Task description → Please write out the whole listing that follows exactly; the pictures stay out.

Input data →

————————

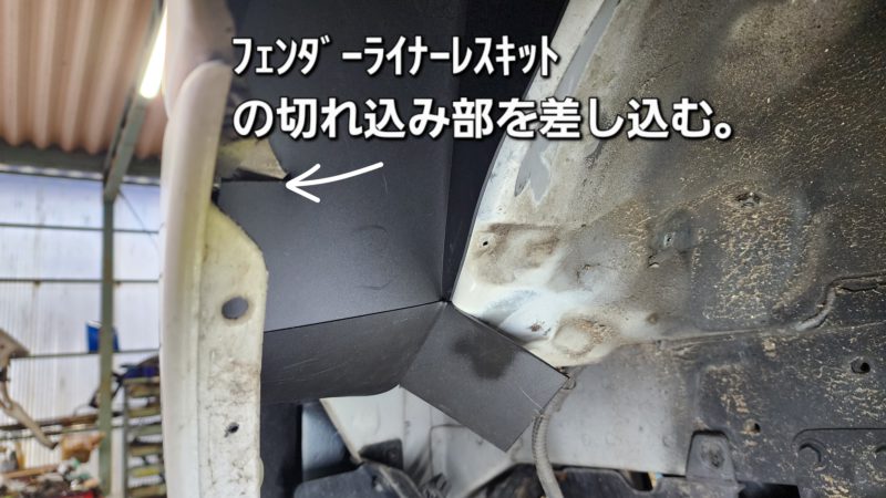 この時にタイラップで軽く留めてフェンダーライナーレスキットに
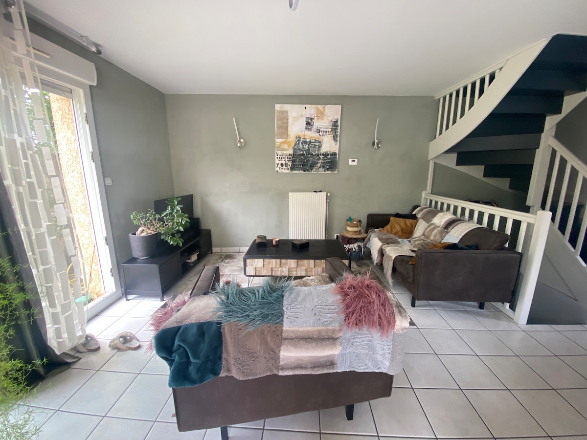 Profitez d'un logement élégant et central. Logement idéal pour voir la Coupe du monde de Rugby car il se situe à 40 minutes à pieds du stade Geoffroy Guichard et 10 minutes en voiture. Des trams et bus sont desservis toutes les 10 a 15 minutes. Le centre ville est à 10 minutes à pieds. Vous avez une terrasse avec un jardin. Et vous bénéficiez du calme tout en étant proche de toutes commodités. Je peux vous concocter des petits plats faits maison et petits déjeuners selon votre envie.
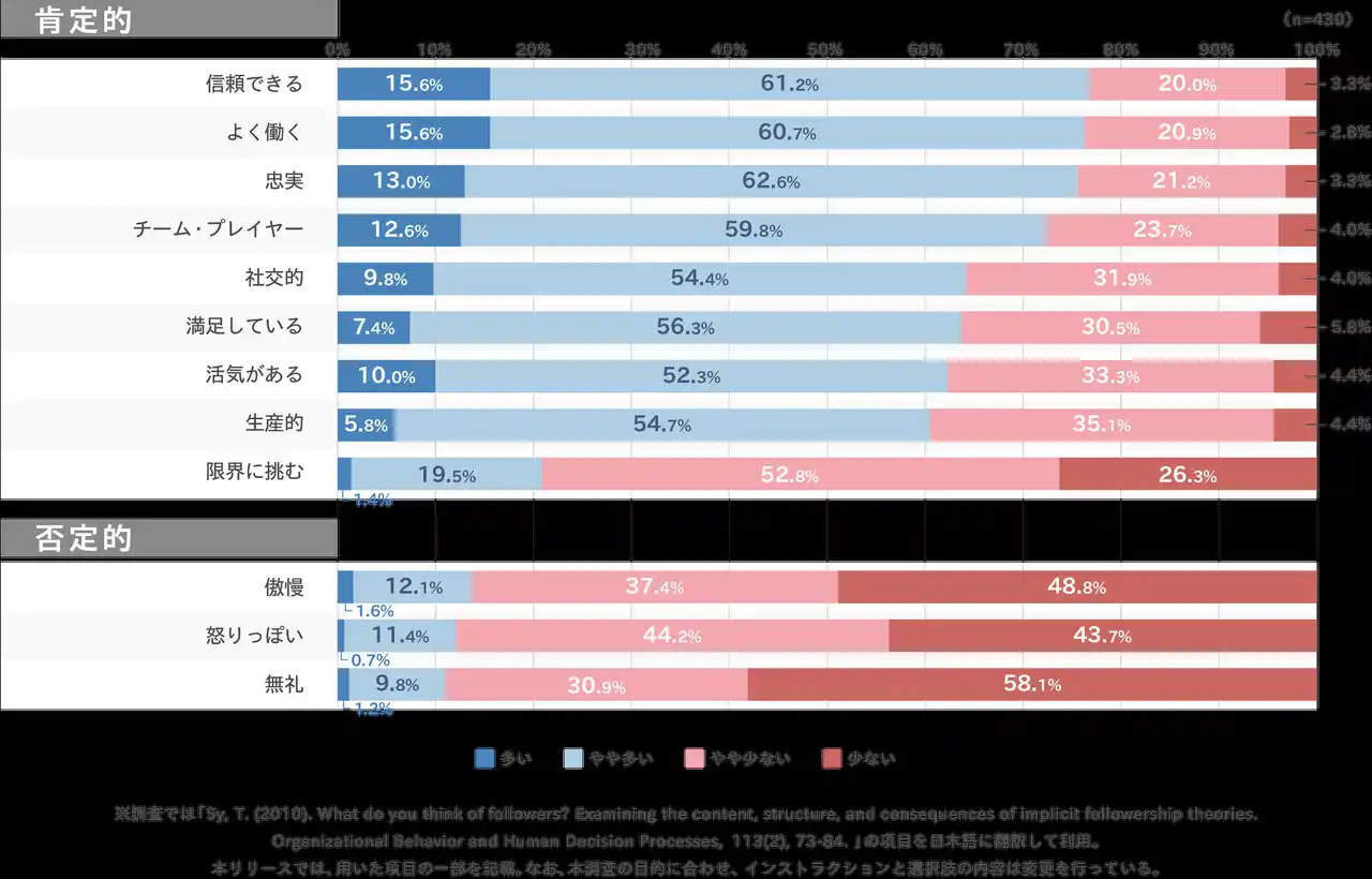 ・一方で、「傲慢」「怒りっぽい」「無礼」といった否定的なイメージについては、「少ない」「やや少ない」と回答した割合が高く、ネガティブな印象は比較的弱い結果となった。 |

————————

Answer to this exercise →
 この時にタイラップで軽く留めてフェンダーライナーレスキットに
 Profitez d'un logement élégant et central. Logement idéal pour voir la Coupe du monde de Rugby car il se situe à 40 minutes à pieds du stade Geoffroy Guichard et 10 minutes en voiture. Des trams et bus sont desservis toutes les 10 a 15 minutes. Le centre ville est à 10 minutes à pieds. Vous avez une terrasse avec un jardin. Et vous bénéficiez du calme tout en étant proche de toutes commodités. Je peux vous concocter des petits plats faits maison et petits déjeuners selon votre envie.
 ・一方で、「傲慢」「怒りっぽい」「無礼」といった否定的なイメージについては、「少ない」「やや少ない」と回答した割合が高く、ネガティブな印象は比較的弱い結果となった。 |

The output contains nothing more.